- Python 3 (tested on Python 3.6.3). Required python packages:
- cutadapt (tested on 1.16)
- numpy (tested on 1.14.1)
- biopython (tested on 1.70)
- pandas (tested on 0.22.0)
- BWA (Burrows-Wheeler Aligner). Tested on 0.7.17-r1188. Download here
- ea-utils/fastq-join. Tested on 1.04.807. Download here
- fastq_quality_filter from fastx-toolkit. Tested on 0.0.13. Download here
This tool was was designed to run from a linux terminal. Tested on Ubuntu 17.10 (x86-64 architecture).
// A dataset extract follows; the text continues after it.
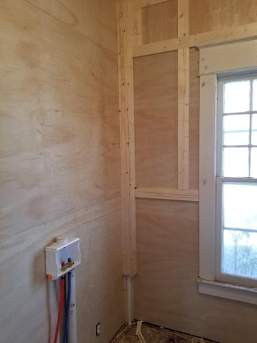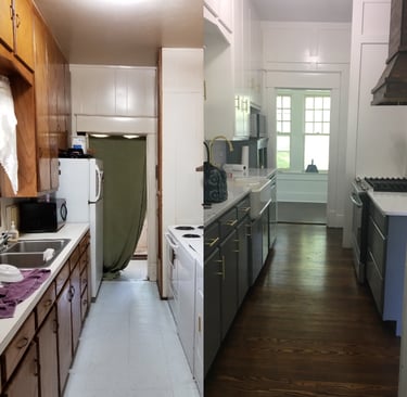 First, let me say this room was cramped! It is a very narrow galley kitchen and when we bought this property it also held the washer the dryer and the water heater! There is a little room off the kitchen that literally only had a corner pantry. Perfect space for the washer/dryer and the water heater, PERFECT.

$./genotyping_pipeline.sh \
FASTQDIR \
ADAPTERS_FILE \
REFERENCE \
RESULTS_DIR
FASTQDIR
Folder where all the fastq files are contained. Only Illumina pair-end sequencing from PCR amplicons is accepted. One sample pair per file.
IMPORTANT: *.fastq or *.fastq.gz are accepted. Read 1 must be specified
as R1 and read 2 as R2 in the filename. Sample name will be taken
from the string before the first _
character that should be present in
the filename.
Examples of valid fastq filenames:
2_S1_L001_R1_001.fastq.gz # sample name = "2"; read = 1.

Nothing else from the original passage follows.